The untreated water from Saracuruna River, Rio de Janeiro State, was flocculated with Tanfloc (Tanac S.A., Montenegro, Rio Grande do Sul, Brazil), a tannin-based product, and then demineralized. The physicochemical properties of the treated water and the content of residual tannin were determined in each stage of the purification process. The treated water was used in emulsion polymerizations and the latexes obtained were analyzed as for the content of reacted styrene, surface tension, mechanical stability, total solid content and coagulum weight. The obtained rubber was then submitted to ageing.

Water treatment: Untreated water was placed in 2 L flasks, equipped with mechanical stirrer. To each flask, 1 mL of a solution containing 10,000 ppm of tannin was added. After 15 minutes of stirring, the solution was let to stand for 12 minutes. The treated water passed through four treatment columns (50 × 1000 mm) filled up with 800 mm sand, active coal, Amberlite Na (H⁺ form) (Rohm and Haas Química Ltda., Jacareí, São Paulo, Brazil) and Amberlite IRA 458 Cl (OH^- form) (Rohm and Haas Química Ltda., Jacareí, São Paulo, Brazil) ion exchange resins. The physicochemical characteristics of the treated water were observed on a turbidimeter (Hach Company, model 2100P, Loveland, Colorado), a conductivity meter (Micronal, model B331, São Paulo, São Paulo, Brazil) and a pH meter (Mettler-Tolledo, Inc., model MP120, Columbus, Ohio).

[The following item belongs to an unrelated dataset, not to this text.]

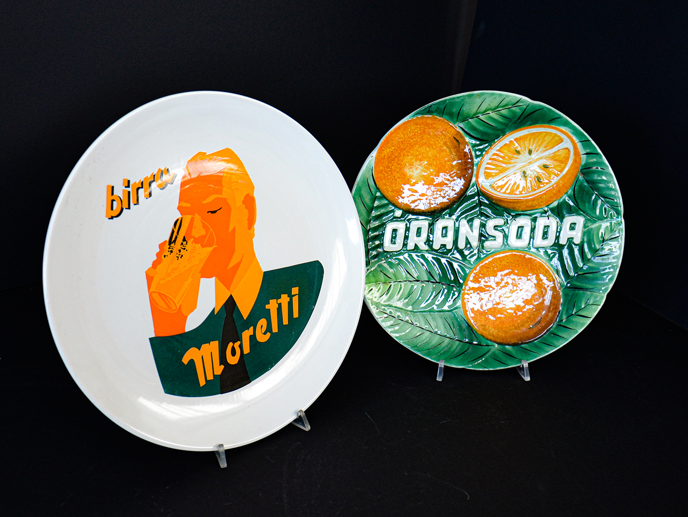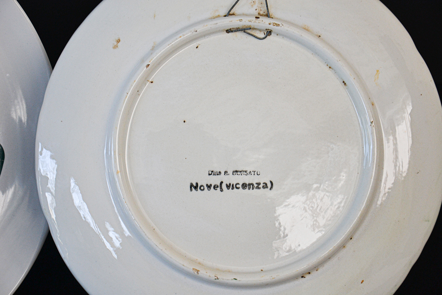 - Piatto "Oransoda" in ceramica bianca con immagine a rilievo e dipinto a mano. Sul retro è presentela scritta: Ditta Borsato Nove (Vicenza). Diam. 27 cm

Content of residual tannin: To a 50 mL sample, 1 mL Folin phenol reagent (Merck S.A. Indústrias Químicas, Rio de Janeiro, Rio de Janeiro, Brazil) and 10 mL carbonate-tartarate reagent (Merck, S.A. Indústrias Químicas, Rio de Janeiro, Rio de Janeiro, Brazil) were rapidly added. The mixture was allowed to stand during 30 minutes for color development and photometric readings were made on a photometer (Hach Company, model DR/210, Loveland, Colorado) at a wavelength of 690 nm.

Polymerization reaction: The emulsion polymerizations of styrene and butadiene were conducted in 20L vessels containing the necessary ingredients, according to the standard formulation. The reaction took place at 8 °C until the latex presented a total solids content around 25.8% w/w. Four polymerizations were carried out with water of different characteristics. In the first reaction, water was treated with aluminum sulfate (this treatment was taken as the reference). In the second reaction (Tann0) the water was treated with tannin. In the last two reactions the water was also treated with tannin but additional amounts of tannin were added to the pre-treated water, 1 ppm (Tann1) and 3 ppm (Tann3), in the third and the fourth reactions respectively.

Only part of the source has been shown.